Your task -> Return, verbatim and in full, the records that follow, but not their pictures.

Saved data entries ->
----------------------------------------
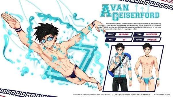 阿万·盖瑟福德 (Avan Geiserford)坚忍不拔,看似令人生畏,他担任奥林巴斯大学学生会主席,对于一名同时也是游泳队成员的二年级学生来说,这是一项令人印象深刻的成就。虽然埃文倾向于独来独往,但他对他信任的人却有着真诚的态度。然而,他渴望展示他有趣的一面,这导致他加入了像 Jock Studio 这样的俱乐部。
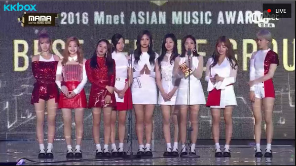 最佳女子组合则由出道才一年的TWICE夺下,成员们一开始听到获奖,都还呆愣愣地坐在原地不敢相信,后来在粉丝的大声欢呼下走上台领奖,站定大势女团地位。TWICE也以“Cheer Up”夺得最佳年度歌曲大奖。
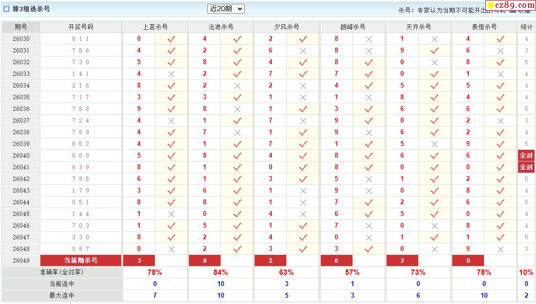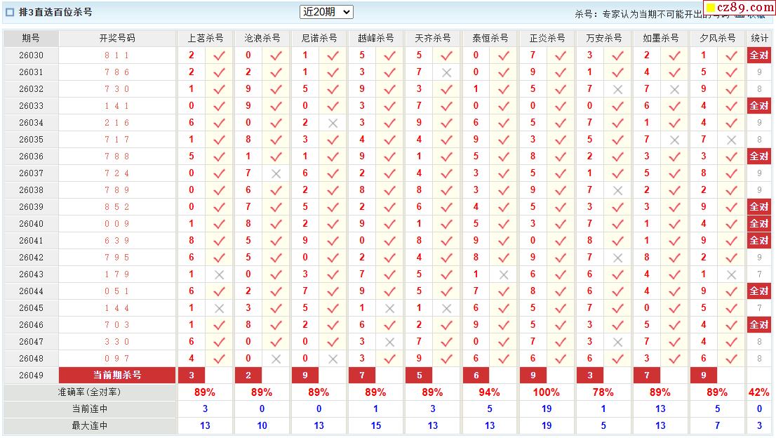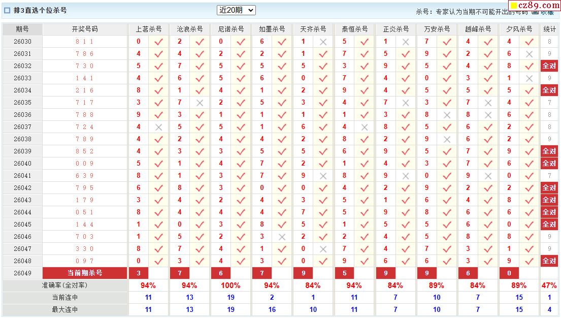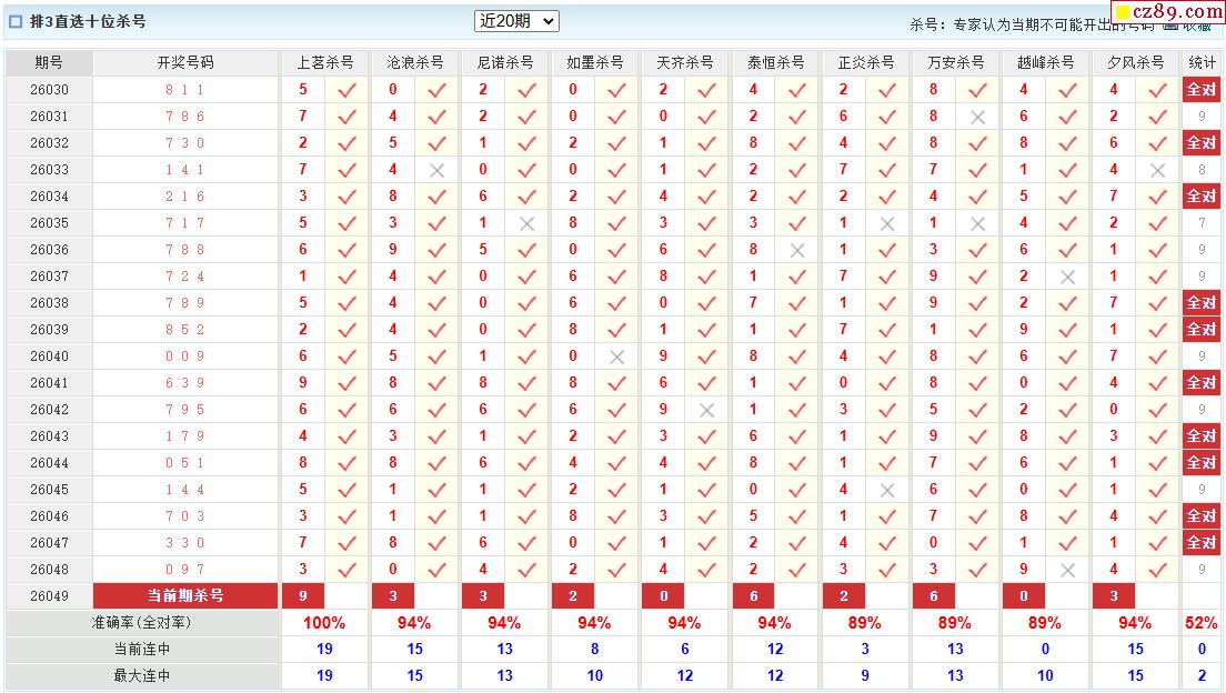 26年049期彩宝贝专家体彩P3杀号定码图表
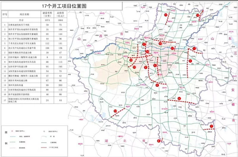 近日,河南省17個(gè)交通重點(diǎn)項(xiàng)目分別在鄭州、開(kāi)封、洛陽(yáng)等16個(gè)省轄市同步宣布開(kāi)工建設(shè)。開(kāi)工的17個(gè)項(xiàng)目包括16個(gè)、共1050公里的高速公路,總投資達(dá)1640億元。至此,河南省高速公路建設(shè)項(xiàng)目達(dá)到53個(gè),3390公里,總投資高達(dá)4556億元。
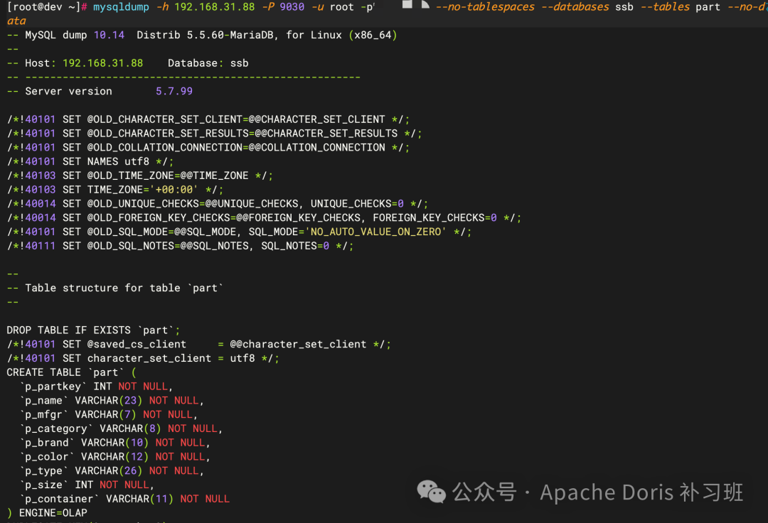 同时请注意,由于 Doris 中没有 MySQL 里的 tablespace 概念,因此在使用 MySQL Dump 时要加上
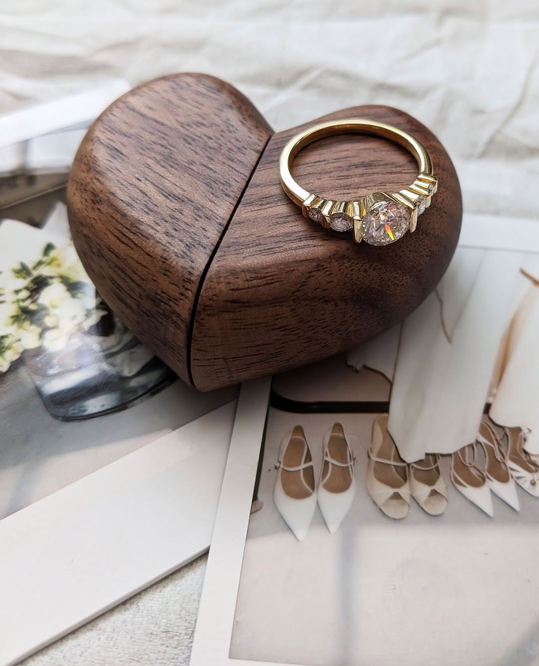 When you order an engagement ring, your piece comes nestled within our distinctive heart-shaped wooden box, a special presentation offering reserved for this timeless occasion. Like all aspects of our packaging, it’s chosen with lasting elegance and environmental responsibility in mind.
----------------------------------------
Your response ->
 阿万·盖瑟福德 (Avan Geiserford)坚忍不拔,看似令人生畏,他担任奥林巴斯大学学生会主席,对于一名同时也是游泳队成员的二年级学生来说,这是一项令人印象深刻的成就。虽然埃文倾向于独来独往,但他对他信任的人却有着真诚的态度。然而,他渴望展示他有趣的一面,这导致他加入了像 Jock Studio 这样的俱乐部。
 最佳女子组合则由出道才一年的TWICE夺下,成员们一开始听到获奖,都还呆愣愣地坐在原地不敢相信,后来在粉丝的大声欢呼下走上台领奖,站定大势女团地位。TWICE也以“Cheer Up”夺得最佳年度歌曲大奖。
 26年049期彩宝贝专家体彩P3杀号定码图表
 近日,河南省17個(gè)交通重點(diǎn)項(xiàng)目分別在鄭州、開(kāi)封、洛陽(yáng)等16個(gè)省轄市同步宣布開(kāi)工建設(shè)。開(kāi)工的17個(gè)項(xiàng)目包括16個(gè)、共1050公里的高速公路,總投資達(dá)1640億元。至此,河南省高速公路建設(shè)項(xiàng)目達(dá)到53個(gè),3390公里,總投資高達(dá)4556億元。
 同时请注意,由于 Doris 中没有 MySQL 里的 tablespace 概念,因此在使用 MySQL Dump 时要加上
 When you order an engagement ring, your piece comes nestled within our distinctive heart-shaped wooden box, a special presentation offering reserved for this timeless occasion. Like all aspects of our packaging, it’s chosen with lasting elegance and environmental responsibility in mind.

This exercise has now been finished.